Problem details —
Find the line containing "Tähti ZC 0982" in the entries below. Restate it and each line after it, word for word, up to and including the line containing "[천지일보=박혜옥 기자] 15일".

Materials provided —
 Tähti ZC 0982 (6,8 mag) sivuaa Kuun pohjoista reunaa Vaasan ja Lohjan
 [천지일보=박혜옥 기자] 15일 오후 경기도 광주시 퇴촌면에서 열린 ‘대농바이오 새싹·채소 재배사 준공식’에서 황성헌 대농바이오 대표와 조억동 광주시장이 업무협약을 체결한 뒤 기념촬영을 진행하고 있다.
* * *
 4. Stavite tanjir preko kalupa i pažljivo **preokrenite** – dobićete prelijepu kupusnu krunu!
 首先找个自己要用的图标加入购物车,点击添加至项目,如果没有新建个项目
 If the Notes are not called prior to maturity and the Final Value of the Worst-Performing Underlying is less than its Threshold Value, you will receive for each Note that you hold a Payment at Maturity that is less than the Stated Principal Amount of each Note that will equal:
* * *
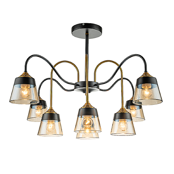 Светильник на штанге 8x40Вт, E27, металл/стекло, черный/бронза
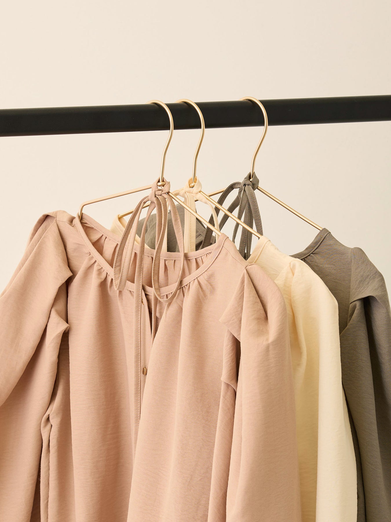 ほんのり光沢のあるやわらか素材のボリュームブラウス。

Output of the task —
 Tähti ZC 0982 (6,8 mag) sivuaa Kuun pohjoista reunaa Vaasan ja Lohjan
 [천지일보=박혜옥 기자] 15일 오후 경기도 광주시 퇴촌면에서 열린 ‘대농바이오 새싹·채소 재배사 준공식’에서 황성헌 대농바이오 대표와 조억동 광주시장이 업무협약을 체결한 뒤 기념촬영을 진행하고 있다.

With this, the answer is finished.